Data warehousing
In this tutorial you will learn basic modeling strategies for a data warehouse.
Use case scenario
We intend to set up a data warehouse for the Sakila database that we used in Tutorial 3.
We suppose that a DVD rental store chain (let’s call it Sakila) maintains several operational database systems at their different stores, and the management intends to have a single point of truth, in order to check business trends. Hence, the idea of setting up a data warehouse.
In order to model a schema for the Sakila data warehouse, we need to identify dimensions and facts. To this extent, we first identify the business questions that the Sakila management wants to be answered.
Exercise
Exercise 1 List some of the business questions that the Sakila management would like to answer.
Solution
Different sets of questions are possible. Here are some examples.
- Which store generates the most revenue?
- Which customers have rented the most in the past year? (maybe to award fidelity points).
- Which customers have rented the least in the past year? (maybe to offer some discounts to encourage the customer to rent again).
- Which staffer has processed the most of the rentals in the past year? (staffer of the year).

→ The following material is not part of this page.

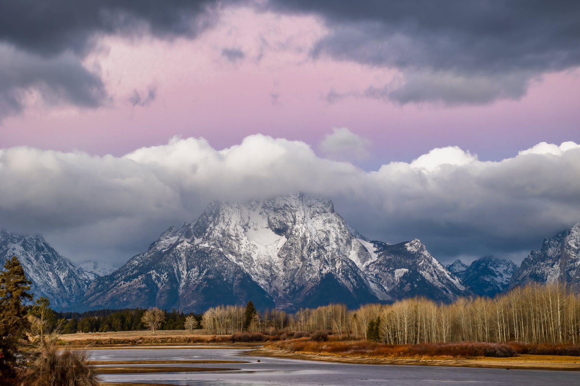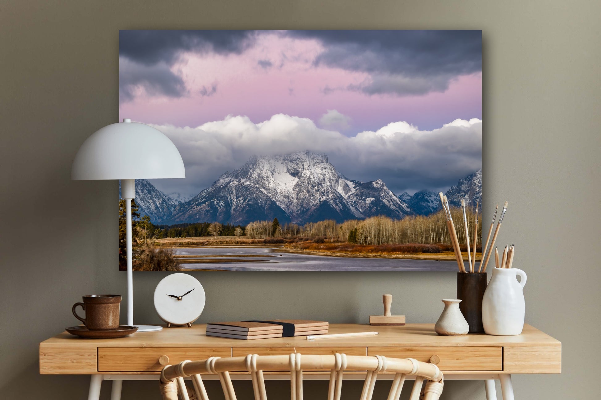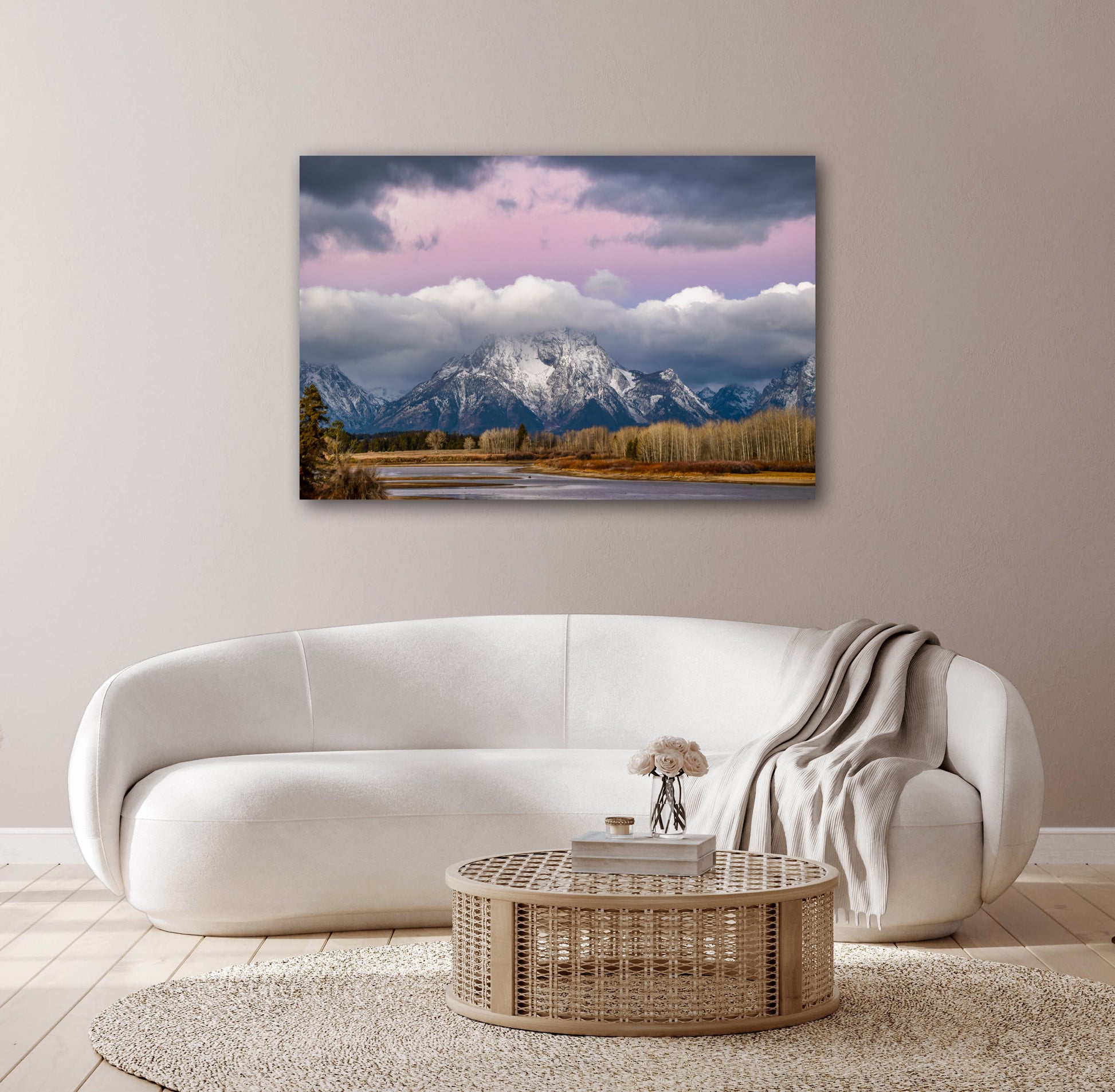 In the captivating photograph titled "Mountains in the Mists," we are transported to the majestic realm of the Grand Tetons in the early morning. The scene unfolds with an ethereal beauty, as the towering peaks emerge from a shroud of mist, their majestic summits disappearing into the embrace of the clouds. The soft hues of blue and purple paint the sky, creating a serene and enchanting backdrop for the grandeur of the mountains. The interplay of colors evokes a sense of tranquility and awe, as if nature itself is casting a magical spell over the landscape. At the base of the photo, a river meanders gracefully, winding its way through the breathtaking scenery. Its tranquil waters mirrors the beauty above, adding a touch of serenity to the composition. The river, perhaps the lifeblood of this pristine wilderness, serves as a reminder of the delicate balance between the power of nature and the peaceful flow of time.

- Which staffer has processed the least of the rentals in the past year? (maybe a layoff in sight?).
- Which month has the highest revenue? By country, by store?
- Which country generates the least revenue? (is there any concurrent out there that might be soon a threat in other countries too?)

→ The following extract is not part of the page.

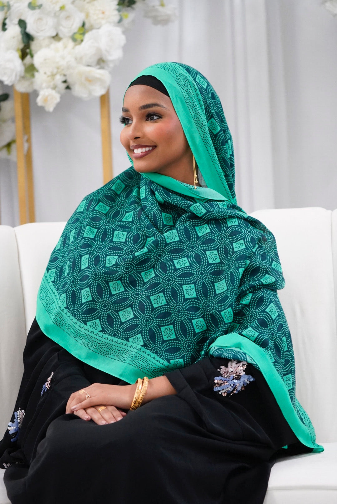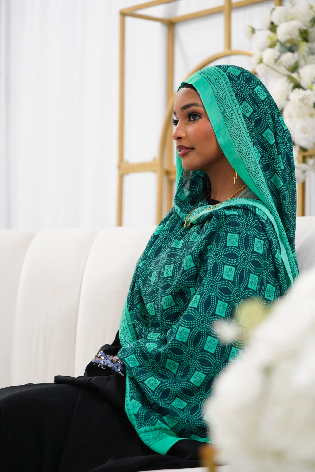 Step Into Elegance With This One-Of-A-Kind Somali Print Modal Hijab. Designed With A Stunning Emerald Green And Deep Navy Geometric Star Pattern, This Hijab Brings Out The Beauty Of Traditional Somali Prints While Giving You The Comfort Of Premium Modal Fabric.

- Which categories of films are most popular?
We recall here the conceptual model of the Sakila database.
Exercise
Exercise 2 Based on the business questions identified in the first exercise, can you tell what the fact and the dimension tables are?
Recall that the fact table should contain measures and the dimension tables should contain the context of the facts. The dimension table should answer the following questions about a fact: who, what, when, where.
Solution
From the questions that we identified in the previous exercise, it is clear that we intend to use the data warehouse to answer questions about the rentals.

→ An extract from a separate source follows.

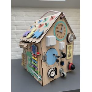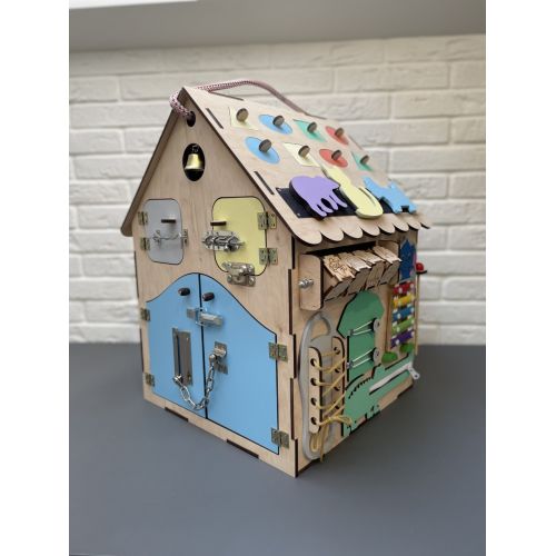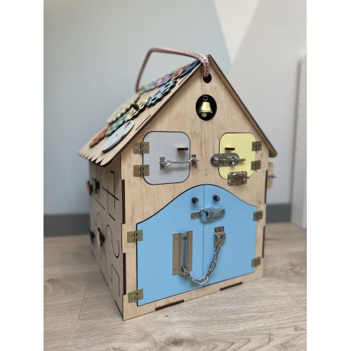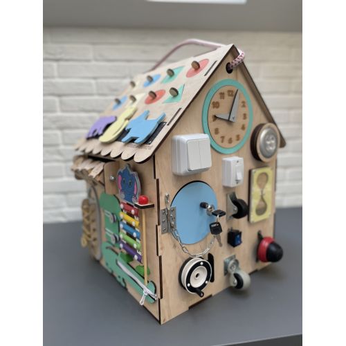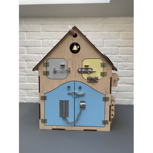 БизиДом 50х35х35 как настоящий дом с секретами, замечательная развивающая игрушка по методике Марри Монтессори. 34 развивающие элементы сделают игру увлекательной и познавательной. Во время игры активно развивается мелкая моторика, координация движений, логика, а также внимательность. Первая развивающая игрушка вашего ребенка, ведь подходит для детей от 8 месяцев до 5 лет, безусловно БизиДом будет любимой игрой.

Therefore, our fact table will be fact_rental.
As for the dimensions:
Question 1. suggests the use of the dimension store (where).
Questions 2., 3. suggest the use of the dimension customer (who).
Questions 4., 5. suggest the use of the dimension staff (who).
Question 8. suggests the use of the dimension film (what).
All questions suggests the use of a time dimension (when).
The time dimension is virtually always present in a data warehouse.
Dimensional modeling
Now that we identified the fact and the dimension tables, we incrementally draw the star diagram for the Sakila data warehouse.
Exercise
Solution
Exercise
Exercise 4 Identify the primary key of the fact table.
Solution
The primary key of the fact table is composed of all the attributes that refer to the dimensions. So, we write an attribute for each dimension:
staff_pk, foreign key to the dimension dim_staff.
film_pk, foreign key to the dimension dim_film.
period_pk, foreign key to the dimension dim_period.
store_pk, foreign key to the dimension dim_store.
customer_pk, foreign key to the dimension dim_customer.
Here is the new schema.
Exercise
Exercise 5 For each dimension table, there is a corresponding table in the operational database.
Discuss which attributes you would add to the dimension tables.
In particular, consider the following points:
Are you going to add to a dimension table the
primary key of the corresponding operational table?Are you going to add to a dimension table attributes that are not part of the corresponding table?
Solution
- Each dimension table already has a primary key. However, this is the surrogate key that identifies each entity in the dimension table. The business key that is in the corresponding operational table is still a valuable attribute to add.
So, for example, in the table dim_film we’ll add the attribute film_id that is the primary key in the operational table film.
- In each dimension table, we typically add all the attributes that are in the
corresponding operational table. However, we also add attributes that
are in the linked tables, if they’re necessary to our analysis.
For example, in the operational database the category of a film is
in a separate table film_category (as a result of the normalization process).
If we decide to integrate these dimensions and keep a normalized schema, we obtain a snowflake schema.
However, in a data warehouse we tend to denormalize the dimension tables, to avoid to incur the cost of joining tables.
One last remark on the attribute film_categories in table dim_film. The value of this attribute is a list. One might want to avoid this by using a one-hot encoding. In other words, if the set of all possible categories is small, we can have one boolean attribute for each category; a True value would indicate that the film is in the corresponding category.
Exercise
Exercise 6 In our schema, the fact table is factless: it only contains a primary key with no measurements.
Which measurements would you introduce?
Solution
It all depends on the queries that we intend to ask. In the queries that we identified at the beginning of the tutorial, we were interested in the revenue generated by the rentals. Also, we might want to keep track of the number of rentals of a given film by a given customer in the given period, and the number of returns.